YOUR OBJECTIVE: Across the material below, how many lines contain the word "They"? Respond with the number only.

WORKING DATA section start

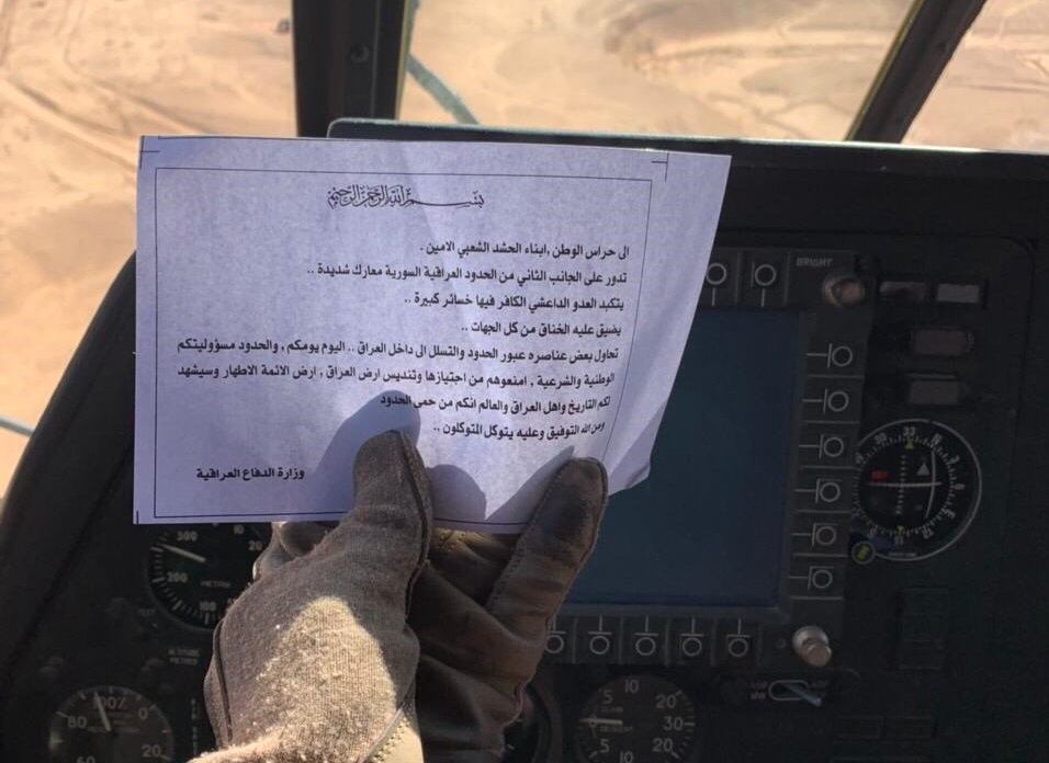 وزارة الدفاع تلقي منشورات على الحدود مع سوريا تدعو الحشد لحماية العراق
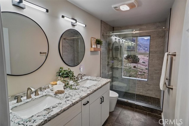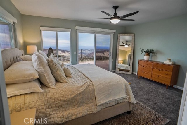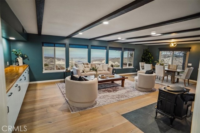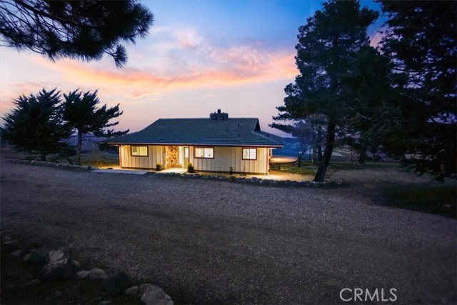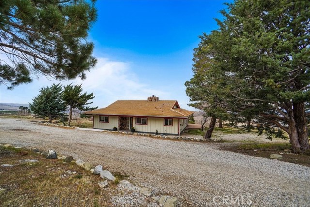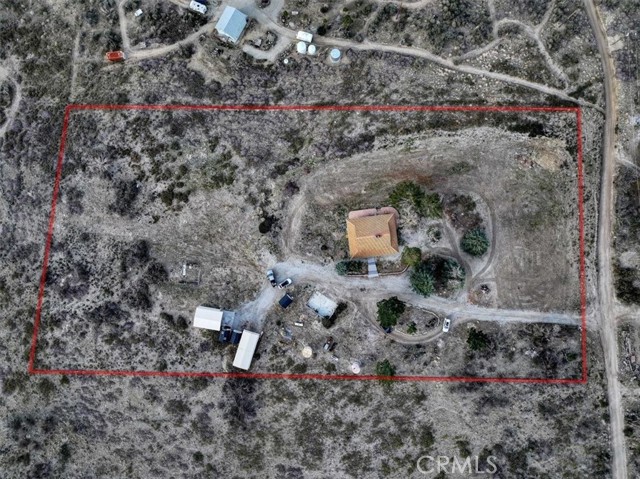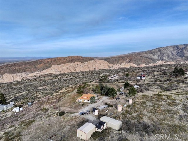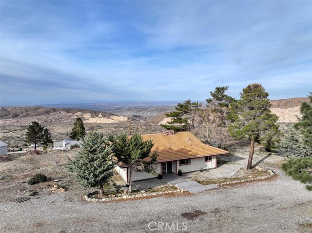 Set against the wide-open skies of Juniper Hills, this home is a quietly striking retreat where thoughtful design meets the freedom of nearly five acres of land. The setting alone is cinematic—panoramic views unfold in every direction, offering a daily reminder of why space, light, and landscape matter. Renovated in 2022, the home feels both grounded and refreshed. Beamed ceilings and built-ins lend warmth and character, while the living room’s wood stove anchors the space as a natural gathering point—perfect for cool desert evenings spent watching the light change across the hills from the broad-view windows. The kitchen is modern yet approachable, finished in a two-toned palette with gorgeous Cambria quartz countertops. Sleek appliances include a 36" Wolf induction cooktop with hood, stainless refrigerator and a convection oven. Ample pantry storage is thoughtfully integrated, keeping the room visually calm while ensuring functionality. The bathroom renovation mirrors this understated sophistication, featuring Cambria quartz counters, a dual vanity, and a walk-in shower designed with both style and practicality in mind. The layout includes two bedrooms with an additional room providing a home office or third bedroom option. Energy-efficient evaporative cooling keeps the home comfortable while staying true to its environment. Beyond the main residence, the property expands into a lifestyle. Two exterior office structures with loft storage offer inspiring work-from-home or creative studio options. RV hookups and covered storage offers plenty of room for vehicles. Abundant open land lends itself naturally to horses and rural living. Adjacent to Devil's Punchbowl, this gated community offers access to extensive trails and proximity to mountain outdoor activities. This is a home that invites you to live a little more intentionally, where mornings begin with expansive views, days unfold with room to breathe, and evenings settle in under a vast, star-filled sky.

WORKING DATA section end
WORKING DATA section start

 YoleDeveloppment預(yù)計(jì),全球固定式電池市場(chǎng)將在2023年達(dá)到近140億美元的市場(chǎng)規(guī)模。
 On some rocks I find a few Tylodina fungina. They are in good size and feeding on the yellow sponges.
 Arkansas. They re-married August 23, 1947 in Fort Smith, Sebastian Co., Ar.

WORKING DATA section end

ANSWER SPACE: 2